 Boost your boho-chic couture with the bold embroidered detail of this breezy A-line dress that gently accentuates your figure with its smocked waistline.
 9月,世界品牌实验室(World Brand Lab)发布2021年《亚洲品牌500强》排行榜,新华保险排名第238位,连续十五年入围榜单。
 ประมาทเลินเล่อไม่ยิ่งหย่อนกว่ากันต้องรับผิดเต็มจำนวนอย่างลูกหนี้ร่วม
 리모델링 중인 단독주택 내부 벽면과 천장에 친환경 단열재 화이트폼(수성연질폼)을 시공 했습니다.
□ □ □ □
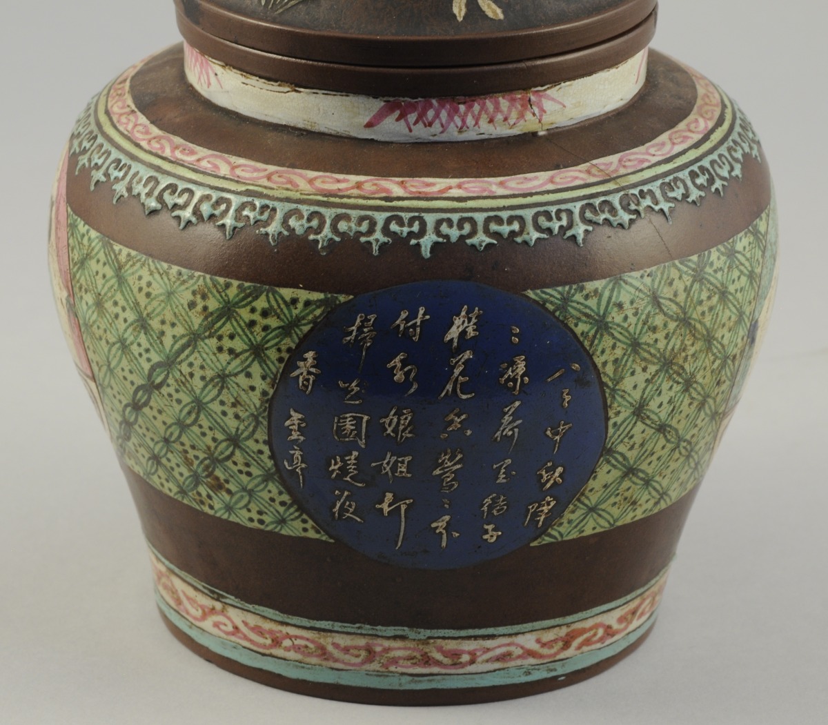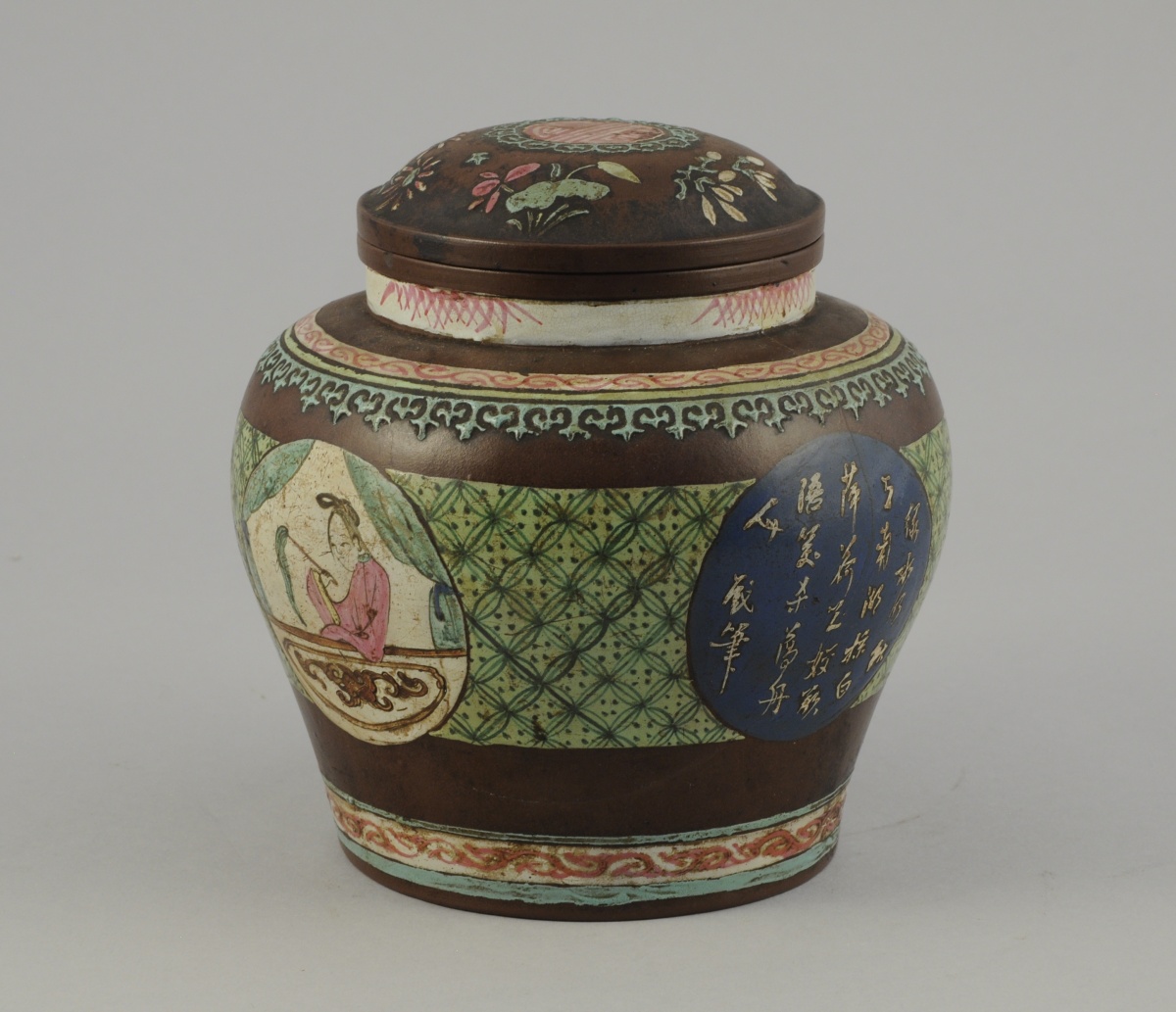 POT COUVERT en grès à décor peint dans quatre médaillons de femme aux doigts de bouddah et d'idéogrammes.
□ □ □ □
:: What to work on ::
Since only part of the listing is wanted, copy exactly the lines from the one holding "Boost your boho-chic" to the one holding "리모델링 중인 단독주택", both included.

:: Result of this exercise ::
 Boost your boho-chic couture with the bold embroidered detail of this breezy A-line dress that gently accentuates your figure with its smocked waistline.
 9月,世界品牌实验室(World Brand Lab)发布2021年《亚洲品牌500强》排行榜,新华保险排名第238位,连续十五年入围榜单。
 ประมาทเลินเล่อไม่ยิ่งหย่อนกว่ากันต้องรับผิดเต็มจำนวนอย่างลูกหนี้ร่วม
 리모델링 중인 단독주택 내부 벽면과 천장에 친환경 단열재 화이트폼(수성연질폼)을 시공 했습니다.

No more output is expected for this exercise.